The data that support the findings of this study are available from the National Statistical Institute website http://www.ine.es. The software codes will be provided upon request.

Notes

  1. See Catalano et al. [6] and Bellés-Orero and Vall Castelló [7], for comprehensive reviews.

  2. A drop in living standards may lead to readjustment of consumption patterns, such as cuts in spending on quality food and healthcare [27].

  3. Unemployment can lead to lower self-esteem, loss of social contacts, feelings of hopelessness, etc.

  4. Volunteering may improve mental health. See Jenkinson et al [48], for a review.

  5. Following the WHO definition of mental health [57], we use the terms mental health and mental/psychological well-being interchangeably throughout the paper.

  6. Individuals with GHQ-12 scores of at least 3 are considered at “risk of psychiatric morbidity”.

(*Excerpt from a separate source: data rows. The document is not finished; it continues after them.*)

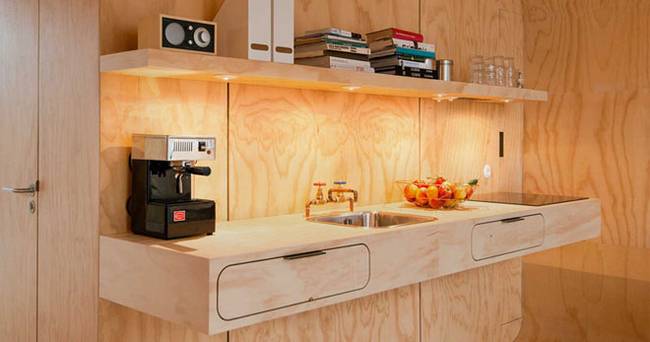 Các cửa số có thể được thêm vào bất cứ khi nào chủ nhà muốn. Những phần nội thất như nhà bếp, nhà tắm có thể được lắp thêm vào qua các khối riêng. Bên trong nhà được phủ một lớp ván ép mang lại sự đơn giản và gần gũi với thiên nhiên.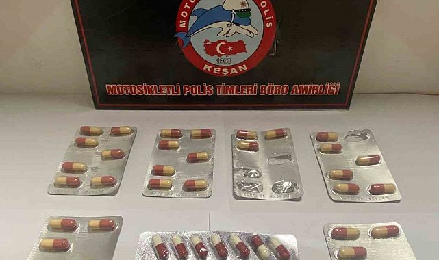 Alınan bilgiye göre, Yörük Mahallesi Zati Yörüker Caddesi üzerinde durumundan şüphelendikleri İ.S.'yi durduran Keşan İlçe Emniyet Müdürlüğü ekipleri, şüphelinin üzerinde 7 tablet halinde toplamda 51 adet sentetik ecza ele geçirildi.
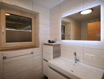 "S'platzl", apartamento de 3 habitaciones en el 1° piso. Con mobiliario muy de buen gusto: entrada. 1 dorm. doble con 1 x 2 literas, ducha/WC. 1 dorm. doble con ducha/WC. Cocina abierta (horno, lavavajillas, 4 placas de vitrocerámica, tostadora, hervidor de agua eléctrico, microondas, congelador, cafetera eléctrica) con 1 sofá-cama, mesa de comedor y TV (pantalla plana). Salida al balcón. Calefacción por suelo. Muebles de balcón. Vista panorámica espléndida a las montañas y a la localidad. El alojamiento dispone de: caja fuerte, secador de pelo. Internet (Wifi). Estación de carga eléctrica. A tener en cuenta: apartamento para no fumadores.- Instalaciones

  7. We also constructed alternative indicators of psychological distress, namely GHQ-12 ≥ 5 and GHQ-12 ≥ 8, which we used as robustness checks. The interpretation of the results remains unchanged.

  8. Social class is used as proxy for socioeconomic status (SES). The two terms are used interchangeably throughout the paper.

  9. Income is an alternative indicator of SES. However, the SNHS measures income as a categorical variable with eight response levels. As in previous work [68], we employ an interval regression model based on information of the head of the household (age, gender, education, occupation and region of residence) to obtain a continuous household income variable. The Oxford equivalence scale [69] is used to adjust the predicted disposable monthly income for differences in household composition.

  10. Detailed data on the distribution of the two mental health indicators by autonomous region of residence are shown in the Appendix Table 7.

  11. The estimations control for the region of residence, although these results are not shown to make tables more readable.

  12. We use the adjusted Wald test to assess differences in the effects pairwise (see Table 8 in the Appendix) and across all periods.

  13. As a robustness check, we estimated our models using alternative socioeconomic indicators: social class of the household head, natural logarithm of income and income quartiles. The impact of the other covariates is similar in all models. The results presented in Table 6 are derived from the models with income quartiles as SES indicator. The Appendix Tables 9 and 10 contain the estimates of this model.

  14. In 2015 men were main breadwinners in two-thirds of all Spanish households [78].

  15. Higher GDP is shown to be associated with an increased demand for mental healthcare [102].

  16. Unmet needs for specialised care [103] or no change in use despite increase in referrals [104] point in that direction.

  17. It seems the most plausible explanation for Spain. There are no official data. However, one can get an idea of the evolution of the number of mental health professionals and services by regions from the data (corresponding to 2004, 2007, 2010 and 2014) published by the Observatory for Mental Health of the Spanish Neuropsychiatric Association [105].

  18. Mental health care is included in the comprehensive set of services provided (free at the point of use) by the National Health System. However, the long waiting times in the public sector may force those most in need to seek private care, fully paid out-of-pocket.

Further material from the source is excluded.